Governance in Ethiopia
Ethiopia is the oldest independent country in Africa. Despite a brief period of Italian occupation, it was never colonized by Europeans. The current government, led by the Ethiopian People's Revolutionary Democratic Front (EPRDF), came to power in 1991 in an atmosphere of great hope, ending a decade of civil war and overthrowing dictator Mengistu Haile Mariam. A coalition of armed groups, including the Tigrean People's Liberation Front (TPLF) and Eritrean People's Liberation Front (EPLF), both ideologically driven Marxist organizations, banded together to overthrow Mengistu's "Derg" (an Amharic word meaning committee), which had been in power since 1974. The Derg was responsible for human rights violations on an enormous scale including the torture, murder, and "disappearance" of tens of thousands of Ethiopians during the 1976-1978 period dubbed the Red Terror. The Derg continued to commit widespread violations of human rights until its defeat in 1991.2 Prior to the Derg, Emperor Haile Selassie ruled the country for more than forty years. His imperial rule was also characterized by widespread human rights abuses, autocratic control of the legislature and judiciary, and maintenance of an essentially feudal system in the countryside.

The EPRDF shepherded Ethiopia through a four-year transition culminating in the adoption of a constitution that has been praised internationally for its progressiveness and the holding of national elections.3 Having shed its Marxist ideology to win the favor of international donors, the EPRDF, under the leadership of Prime Minister Meles Zenawi, now cites the promotion of "revolutionary democracy" and "ethnic federalism" as its major policy goals. In 2001, a new ministry was created to oversee an extensive program of capacity-building that aims to provide citizens and civil servants with the skills and knowledge necessary for sustainable development.4 Under article 39 of the Ethiopian constitution, which enshrines the policy of ethnic federalism, each "nation, nationality, or people" is entitled to self-government and the possibility of secession.5

The TPLF-dominated central government claims that its guiding principles are democracy, development, and minority rights, but maintains a tight grip over diverse segments of society and all potential political opponents. The government has enshrined ostensibly democratic institutions at local, regional, and national levels, but, in reality, party cadres remain in control.6 International advisors say that, for example, political decentralization, ostensibly meant to ensure democratic decision-making at local levels, has in fact been carefully crafted by the central government to ensure effective federal (and ruling party) control of regional and local government institutions.7 International observers have cited widespread interference and manipulation, including some political killings, in recent national and local elections. Some opposition parties boycotted the elections to protest a perceived uneven playing field.8

Foreign diplomats, aid workers, and members of civil society complain of a lack of transparency among security forces-for example, high level officials may denounce human rights violations but do not reveal who ordered them-which makes it extremely difficult to hold perpetrators of human rights violations accountable. One described forcible roundups of street children in June 2002 as an example. A police officer reportedly told one youth while abducting him, "You are an insult to the nation. The country should be cleansed of you. You should be devoured by the hyenas."9 Sources in the police reportedly confirmed that police did in fact round up children and adults on the street and dump them in a forest. However, these sources were not able to ascertain who had ordered the roundup or why.10 Similarly, senior government officials including the minister of education and chief of police denounced the fact that police entered the AAU campus and attacked students there during the April 2001 strike. Yet, as discussed below, a parliamentary committee of inquiry at which they testified failed to ascertain who was responsible for the police actions and no one is known to have been held accountable.

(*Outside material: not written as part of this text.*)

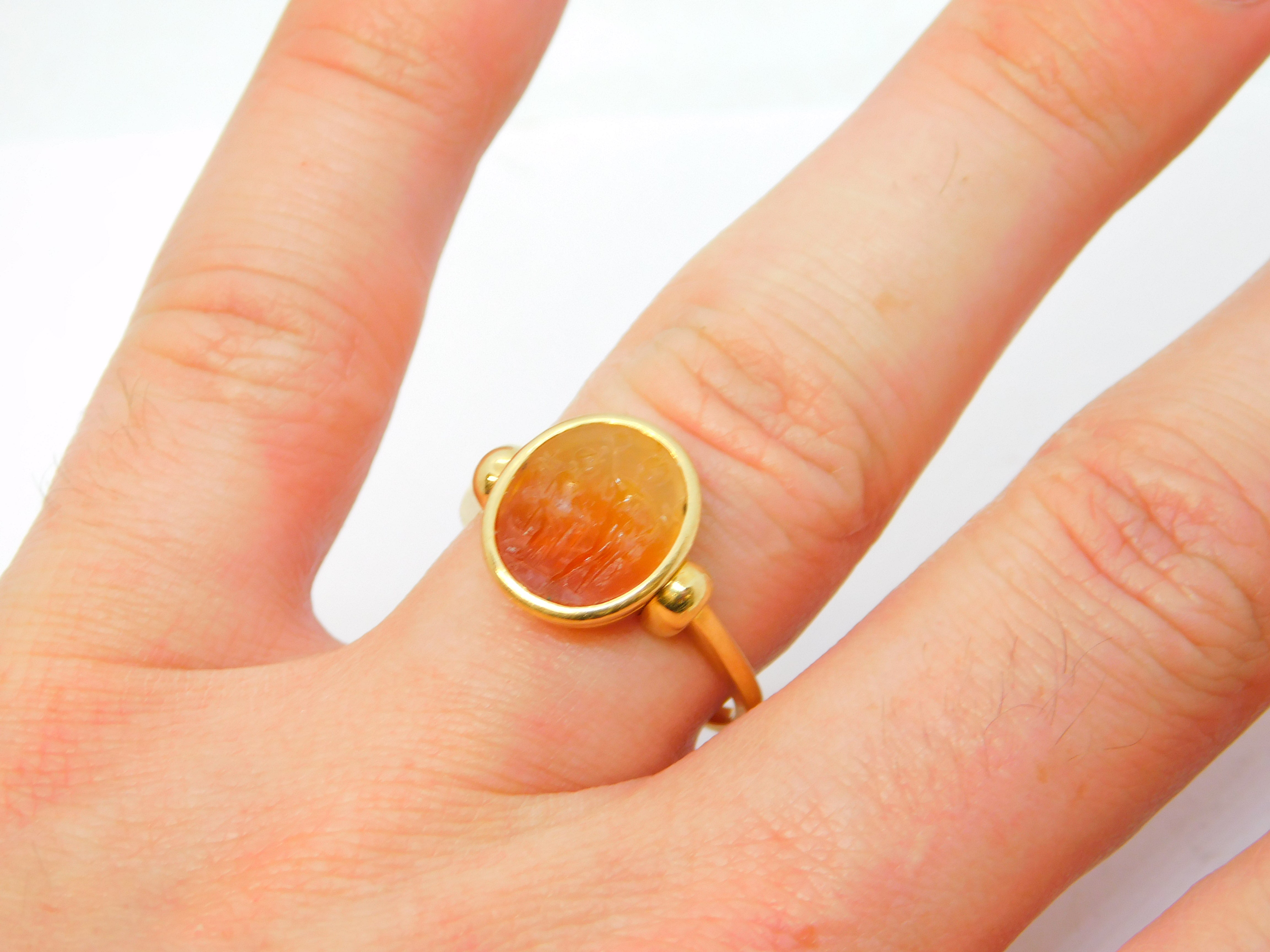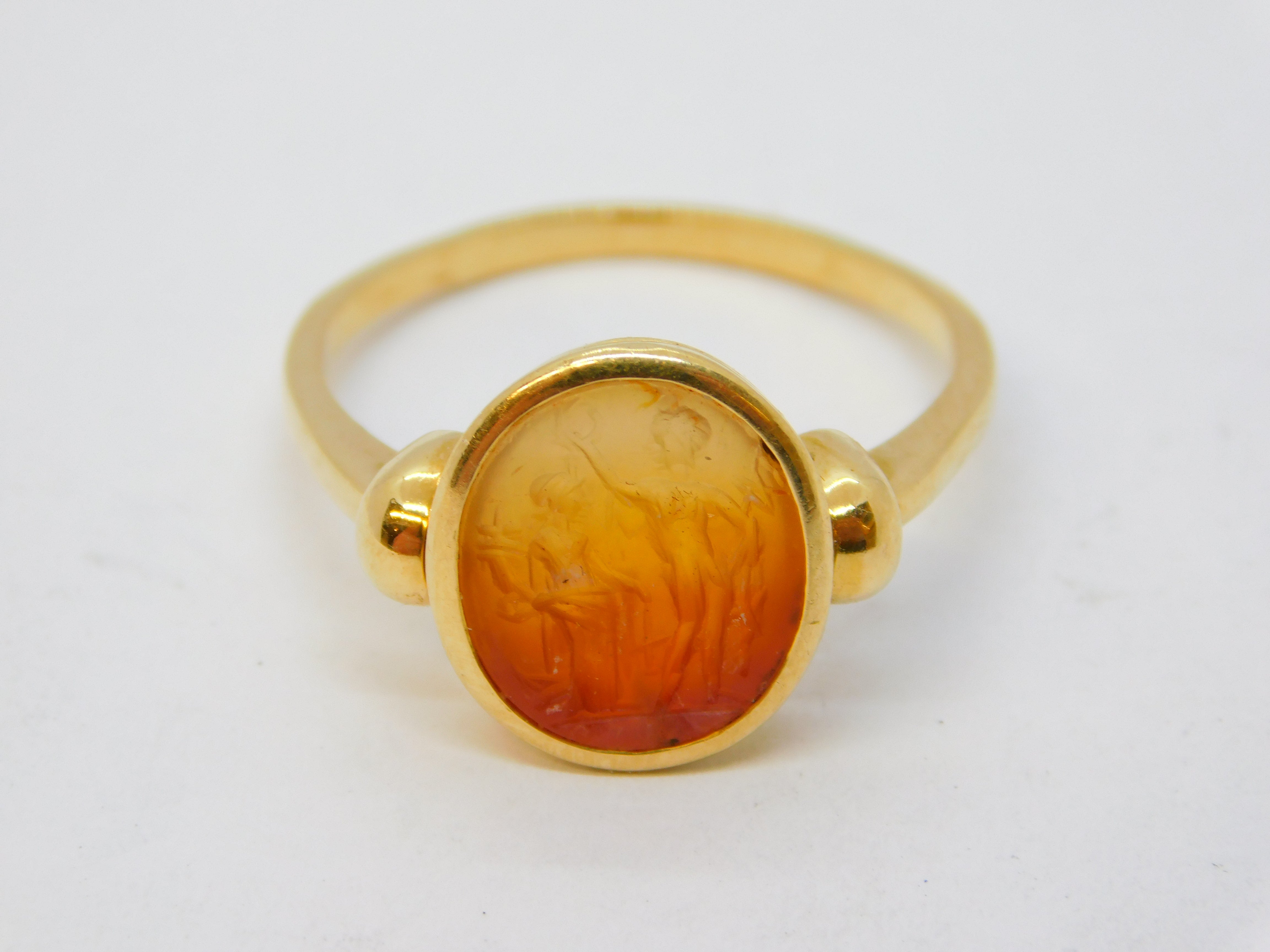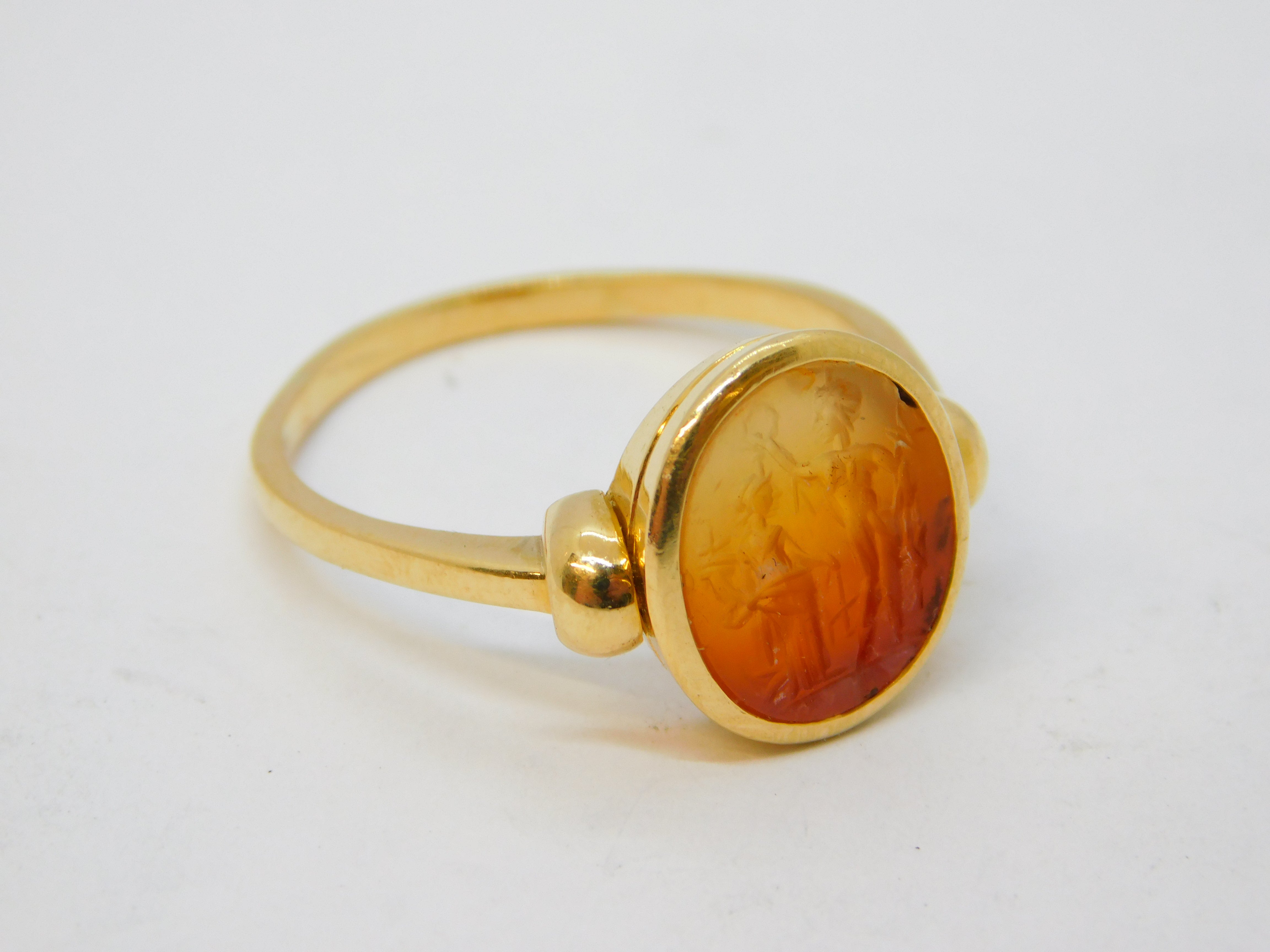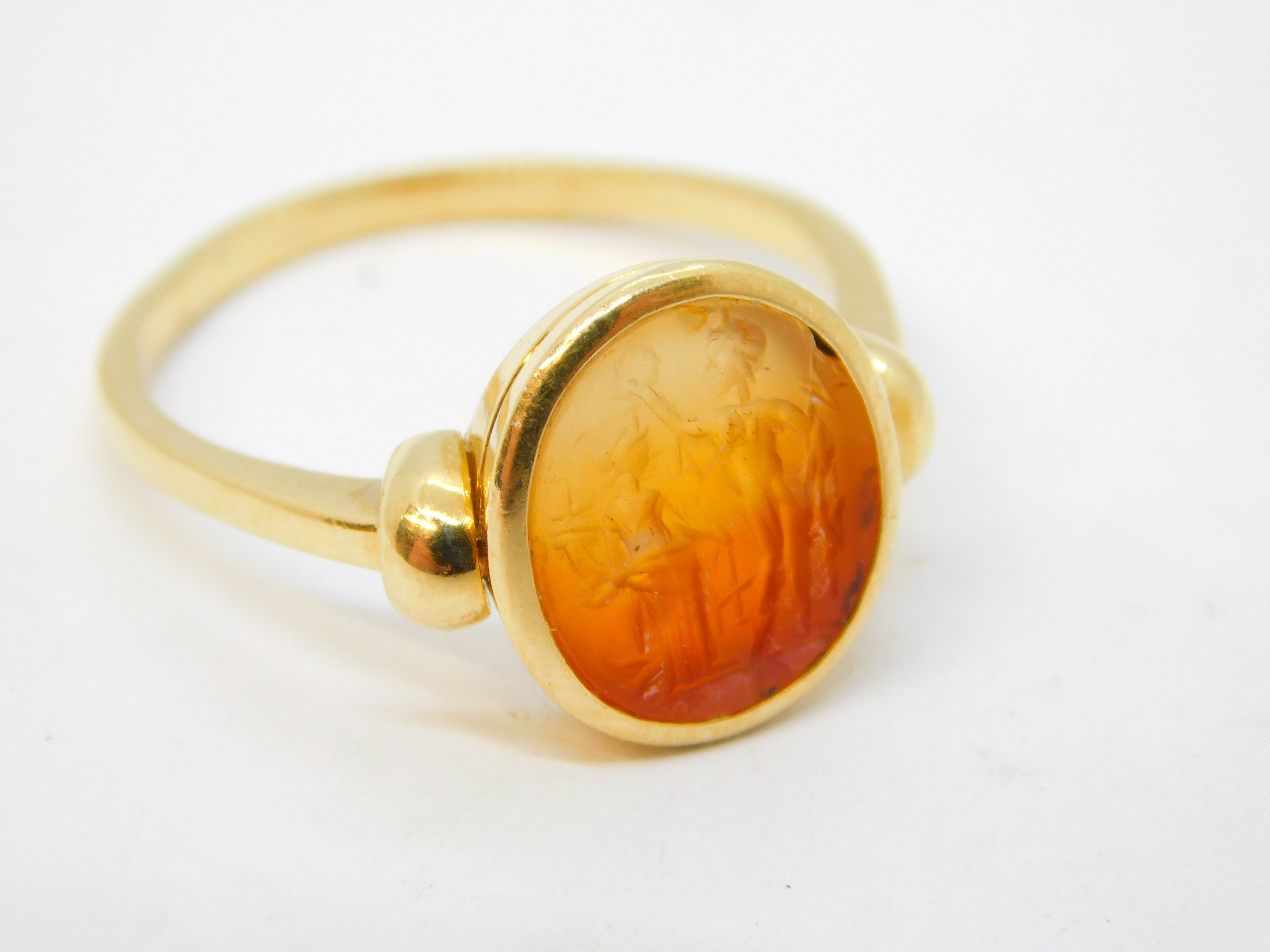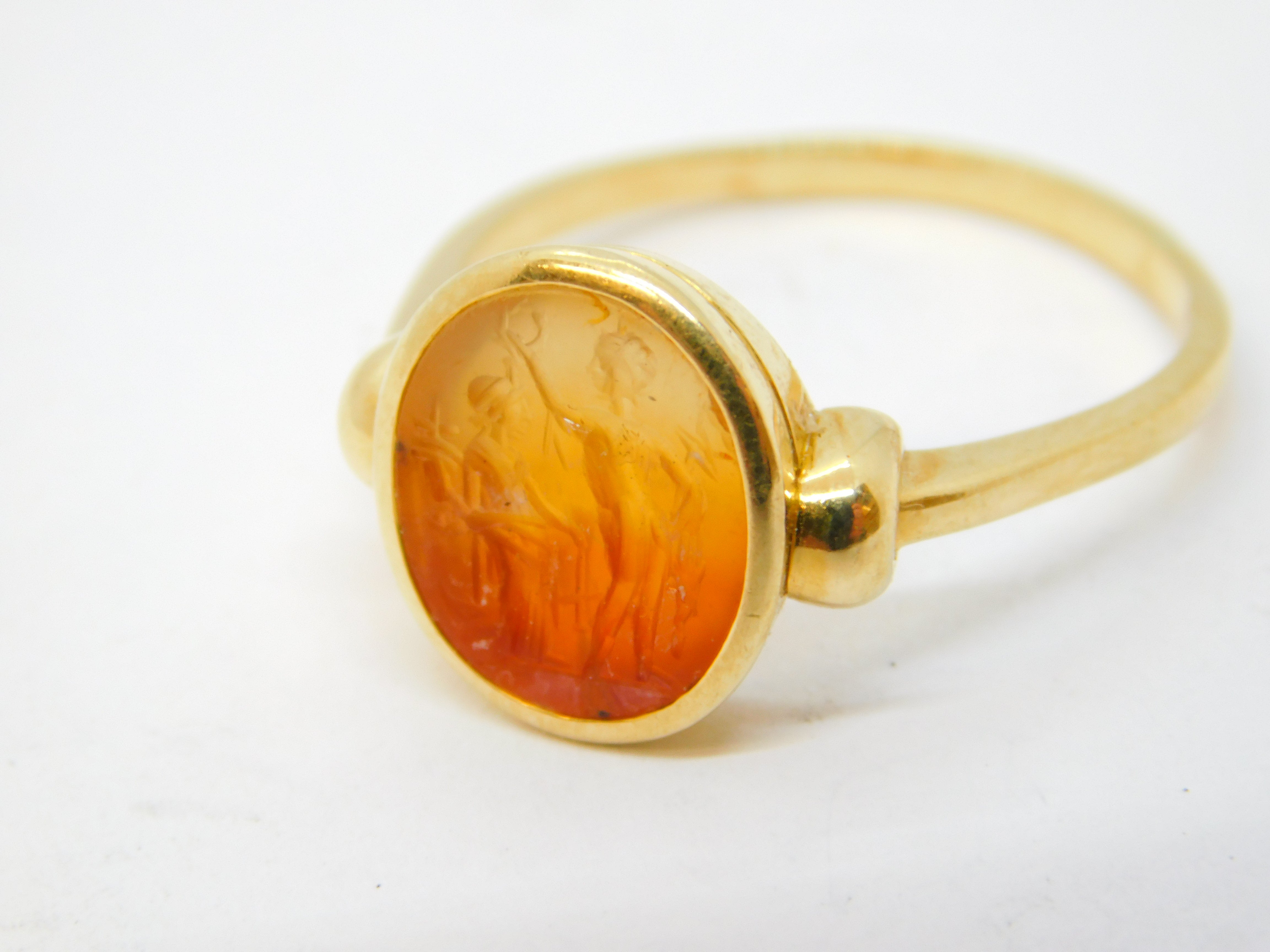 Details: A superb ancient Roman ornately carved red agate intaglio or cameo depicting the Dioscuri: Castor & Pollux in beautiful vivid detail, likely dating from the 1st or 2nd century BC. The ring mount is 18ct yellow gold and is most likely a later roman style edition, possibly from the early-Victorian grand tour era. The gold has been XRF tested as it is unmarked. The intaglio is in excellent condition and the ring itself is truly wonderful. This is a wonderful item that would make a perfect gift or addition to any collection. We are more than happy to provide XRF reports for items upon request.

Lawyers, journalists, human rights activists, and diplomats interviewed for this report alleged that the executive branch continues to exert decisive influence over the judiciary. Human Rights Watch documented the problems facing the judiciary and political manipulations thereof in a 1997 report.11 Although the U.S. State Department's report on human rights conditions in Ethiopia in 2001 said the judiciary had begun to show "signs of independence,"12 an official with the department's Bureau of Democracy, Rights, and Labor noted that the judiciary continues to be frequently manipulated.13 Research for this report confirmed that conclusion. Human Rights Watch documented several cases of judges who repeatedly adjourned hearings to allow police to investigate while detainees remained in prison on seemingly political grounds without charge. For example, police arrested an Addis Ababa businesswoman, Dinkinesh Deressa, in early June on accusations she had transported documents of the banned Oromo Liberation Front (OLF) in her car. She appeared in court five times over two months before the local court ordered her release for lack of evidence. Two days after her release on bail, she was rearrested in another district. As of December 2002, she was still in prison.14 Similar cases of the judiciary's complicity in arbitrary detentions following student demonstrations, including the prolonged illegal detention of a child younger than fifteen, are documented below.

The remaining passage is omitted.